• _Raw data_
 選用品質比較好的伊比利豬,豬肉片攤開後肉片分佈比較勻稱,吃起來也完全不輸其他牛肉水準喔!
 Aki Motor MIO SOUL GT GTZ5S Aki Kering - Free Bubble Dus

==

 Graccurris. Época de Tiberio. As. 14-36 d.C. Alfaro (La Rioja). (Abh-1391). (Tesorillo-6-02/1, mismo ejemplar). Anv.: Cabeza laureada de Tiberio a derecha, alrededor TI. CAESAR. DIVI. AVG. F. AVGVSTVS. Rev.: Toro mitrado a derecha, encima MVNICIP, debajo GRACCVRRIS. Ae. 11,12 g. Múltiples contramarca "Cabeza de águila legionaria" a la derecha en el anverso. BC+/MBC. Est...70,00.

• _What the exercise asks_
Send back an exact copy of only the lines from the line with "選用品質比較好的伊比利豬,豬" up to and including the line with "Aki Motor MIO" in the data above.

• _Finished exercise_
 選用品質比較好的伊比利豬,豬肉片攤開後肉片分佈比較勻稱,吃起來也完全不輸其他牛肉水準喔!
 Aki Motor MIO SOUL GT GTZ5S Aki Kering - Free Bubble Dus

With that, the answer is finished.